Some methodological limitations of this study deserve discussion. This cross-sectional survey was not fully representative of all oesophago-gastrectomy patients as it excluded those who had not survived or did not take part in the questionnaire. By enrolling patients who self-selected for inclusion via a national patient support group, potential selection bias was introduced. The design of the survey asked patients about their own experiences; responses may have been different if a scenario-based questionnaire was used or if the relative merits of follow-up by different specialists as part of different models were explained as part of the survey. Some questions were asked in an exclusive manner which may not have captured the full scope of the follow-up; the fact that few patients reported that their follow-up care was primarily carried out by a gastroenterologist, for example, must be differentiated from patients where gastroenterologists were additionally consulted for the on-going management of their symptoms. This may not have been fully captured by the survey.

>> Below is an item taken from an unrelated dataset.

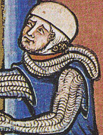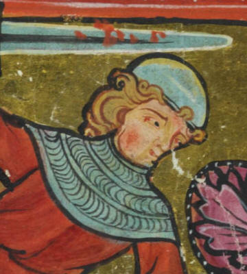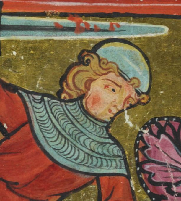 Иллюстраций, показывающих шлем аналогичный по форме шлему из Niederrealty, немало. Вот например "смерть Роланда" из Хроники Рудольфа фон Эймса (Chronique du Monde, Rudolf von Ems) из Берлина, начала 14-го ст. Гредхельм лежит рядом, возможно он был одет поверх Сервильера. Что интересно копия из St Galen (рис. 30) сделана почти сразу после Берлинской, но Роланд изображен в уже поустаревшем, но все еще популярном полном кольчужном кольчужном доспехе представляющем собой единое целое с кольчужным капюшоном. Что как по мне говорит не только о том что эти варианты доспехов некоторое использовались параллельно, но и о том что Черепник должен быть заменить верхушку кольчужного капюшона.
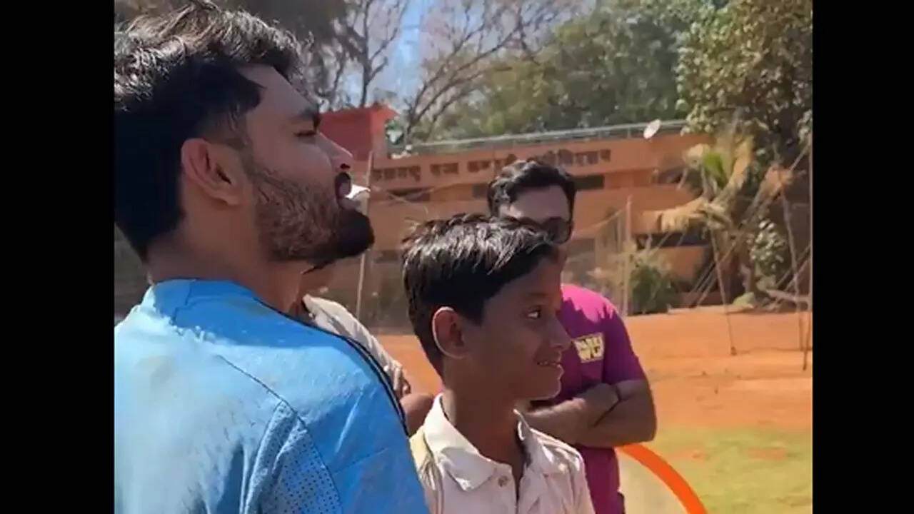 "Chhotu, zyada tez to nahi lagi? Kahan lagi? (hope you didn't get hit badly, where did you get hit)" Rinku asked the young boy on the sidelines of the practice session and then looked at his head where he got hit by the ball.

Follow-up after major cancer surgery has multiple aims including tumour recurrence surveillance, symptom management and patient reassurance. The former was beyond the scope of this study but is clearly important, given recent advances in second and third-line oncological therapies. The overall goal is to restore quality of life after cancer treatment. While this study aimed to characterise the symptoms patients’ deemed important, and their overall satisfaction with follow-up, more work is needed to specifically identify what patients want and benefit from post-operatively and how this aligns with the medical evidence-base and the resources realistically available. Further research is crucial to devising a follow-up regimen which optimises both clinical and patient-reported outcomes after oesophageal surgery.
In conclusion, this large patient survey highlights the important preferences of patients regarding follow-up after surgery for oesophageal or gastric cancer. Routine dietitian involvement was only reported by half of patients yet was associated with greater patient satisfaction with the follow-up received. Patients were concerned by a large number of gastrointestinal and non-gastrointestinal symptoms, highlighting the need for multidisciplinary input and a consensus on how to best investigate and manage the poly-symptomatic patient.